After excluding the two problematic DIP items, comparison of remaining single-item ratings of feasibility (easy to understand, t(10) = 5.27, P<0.001; improved flow, t(10) = 2.32, P = 0.043) and acceptability (encourage clinician use, t(10) = 2.17, P = 0.055; felt at ease, t(10) = 21.3, P = 0.059) across patient and clinician assessments revealed the same pattern as the analysis of means. DIC single-item results (online supplement DS2) identified clinician concerns about CFI comprehensibility and interview flow (feasibility) and about CFI impact on clarification of diagnosis, cultural background, severity, and patient–clinician differences (utility).

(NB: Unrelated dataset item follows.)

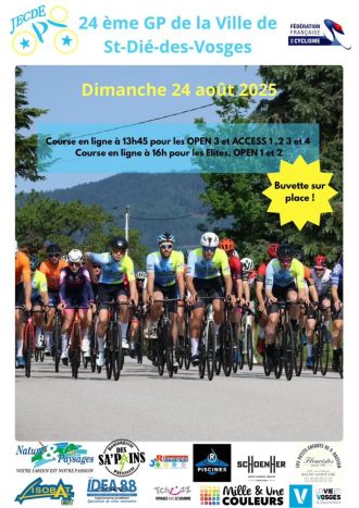 vendredi 26 août 2022 Illustration de Grand Prix de Saint-Dié-des-Vosges : Les engagés Route Grand Prix de Saint-Dié-des-Vosges : Les engagés lu La Jeune Étoile Cycliste Déodatienne et Environs organise ce samedi 27 août en semi-nocturne le 22e Grand Prix de la ville de Saint-Dié-des-Vosges-Trophée Robert Bernard. Au programme : un circuit de 1,1 km à parcourir 67 fois soit 73,7 kilomètres. Le départ sera donné à 20h. La victoire était revenue l'an dernier à Melvin Heynderickx (voir classement). Retrouvez ci-dessous la liste des engagés de l'épreuve...
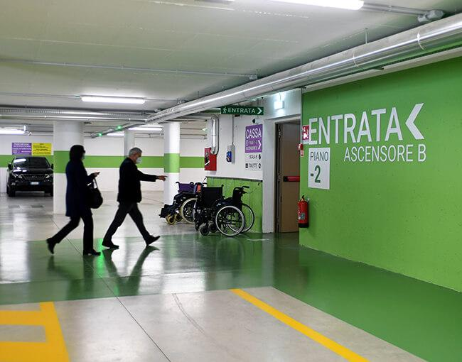 La soluzione di parcheggio è stata ingegnerizzata seguendo i criteri del frictionless parking riducendo al minimo il contatto degli utenti con le superfici e i dispositivi comuni, fondamentale soprattutto in questo periodo di emergenza sanitaria. Il parcheggio è infatti dotato di sistema Telepass per due ingressi e due uscite al secondo e al terzo livello, in modo da agevolare e velocizzare ancor di più il transito dell’utenza eliminando la fase di pagamento manuale della sosta, che avviene in maniera completamente automatica per la massima sicurezza degli utenti. A questo si affiancano i metodi di pagamento contactless e gli strumenti personali come le tessere di prossimità o ticket cartacei per l’utenza ospedaliera e i visitatori; i dipendenti abbonati per accedere al parcheggio possono infatti utilizzare la stessa tessera dell’ospedale, mentre i pazienti e relativi accompagnatori ricevono un abbonamento sotto forma di ticket cartaceo valido per il periodo del ricovero. Il pagamento in contanti è comunque disponibile presso le due casse automatiche o tramite operatore alla cassa manuale, che agisce anche da presidio locale e punto per la gestione degli abbonamenti.

DIP single-item results did not indicate specific concerns, although identification of barriers to care (utility) scored somewhat lower than other items.
Duration
Average CFI duration ranged from 18.8 min in The Netherlands to 29.2 in Kenya (P<0.001) and total interview duration ranged from 37.6 min in Kenya to 88.2 in The Netherlands (P<0.001). Average overall CFI duration was 23.4 min, within a 54.1 min intake. Cross-nationally, the proportion of the interview devoted to the CFI varied significantly (online Table DS7).
Practice effects
Clinician (DIC) feasibility ratings improved significantly with practice, from an average of 0.59 at first use to 0.96 at the sixth or subsequent administration (Table 4). Acceptability and utility scores, by contrast, were stable and positive over time. Feasibility differed significantly from acceptability and utility ratings only for the first administration. Mean CFI duration decreased significantly, by over 4 min, consistent with clinicians' reports of increasing confidence in feasibility. This effect on CFI duration was evident by clinicians' second CFI administration, and remained stable at 22–23 min thereafter. Mean total diagnostic interview duration also decreased significantly but gradually, by over 12 min from first to last administration. CFI proportion of the total interview time increased slightly with practice.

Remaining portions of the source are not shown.